TrainingArguments class that will contain all the hyperparameters the Trainer will use for training and evaluation


In [2]:
from transformers import TrainingArguments

# directory where the trained model will be saved, as well as the checkpoints
training_args = TrainingArguments("test-trainer")

You get a warning after instantiating this pretrained model. This is because BERT has not been pretrained on classifying pairs of sentences, so the head of the pretrained model has been discarded and a new head suitable for sequence classification has been added instead. It encouraging you to train the model


In [4]:
from transformers import AutoModelForSequenceClassification

model = AutoModelForSequenceClassification.from_pretrained(
    checkpoint, num_labels=2)

Some weights of BertForSequenceClassification were not initialized from the model checkpoint at bert-base-uncased and are newly initialized: ['classifier.bias', 'classifier.weight']
You should probably TRAIN this model on a down-stream task to be able to use it for predictions and inference.


In [5]:
from transformers import Trainer

trainer = Trainer(
    model,
    training_args,
    train_dataset=tokenized_datasets["train"],
    eval_dataset=tokenized_datasets["validation"],
    data_collator=data_collator,
    tokenizer=tokenizer,
)

This will start the fine-tuning (which should take a couple of minutes on a GPU) and report the training loss every 500 steps. It won’t, however, tell you how well (or badly) your model is performing. This is because:

1. We didn’t tell the Trainer to evaluate during training by setting evaluation_strategy to either "steps" (evaluate every eval_steps) or "epoch" (evaluate at the end of each epoch).
2. We didn’t provide the Trainer with a compute_metrics() function to calculate a metric during said evaluation (otherwise the evaluation would just have printed the loss, which is not a very intuitive number).


In [6]:
trainer.train()

Step,Training Loss
500,0.4936
1000,0.2327


TrainOutput(global_step=1377, training_loss=0.29208769621672453, metrics={'train_runtime': 831.1167, 'train_samples_per_second': 13.24, 'train_steps_per_second': 1.657, 'total_flos': 405114969714960.0, 'train_loss': 0.29208769621672453, 'epoch': 3.0})

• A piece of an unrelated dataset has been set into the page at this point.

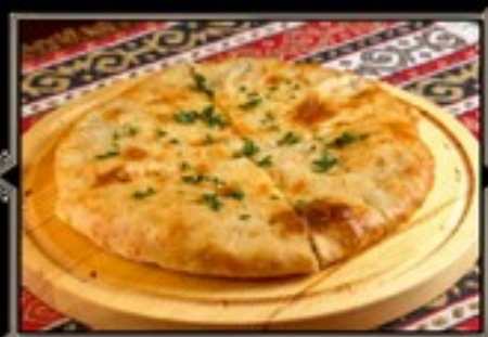
ХАЧАПУРИ С БАРАНИНОЙ 350 г 480 руб.

The compute_metrics() function must take an EvalPrediction object (which is a named tuple with a predictions field and a label_ids field) and will return a dictionary mapping strings to floats (the strings being the names of the metrics returned, and the floats their values). To get some predictions from our model, we can use the Trainer.predict() command:


In [7]:
tokenized_datasets["validation"]

Dataset({
    features: ['sentence1', 'sentence2', 'label', 'idx', 'input_ids', 'token_type_ids', 'attention_mask'],
    num_rows: 408
})

In [8]:
predictions = trainer.predict(tokenized_datasets["validation"])
print(predictions.predictions.shape)
print(predictions.label_ids.shape)
print(predictions.metrics)

(408, 2)
(408,)
{'test_loss': 0.7818031907081604, 'test_runtime': 2.417, 'test_samples_per_second': 168.802, 'test_steps_per_second': 21.1}


The output of the predict() method is another named tuple with three fields: predictions, label_ids, and metrics. The metrics field will just contain the loss on the dataset passed, as well as some time metrics (how long it took to predict, in total and on average). Once we complete our compute_metrics() function and pass it to the Trainer, that field will also contain the metrics returned by compute_metrics().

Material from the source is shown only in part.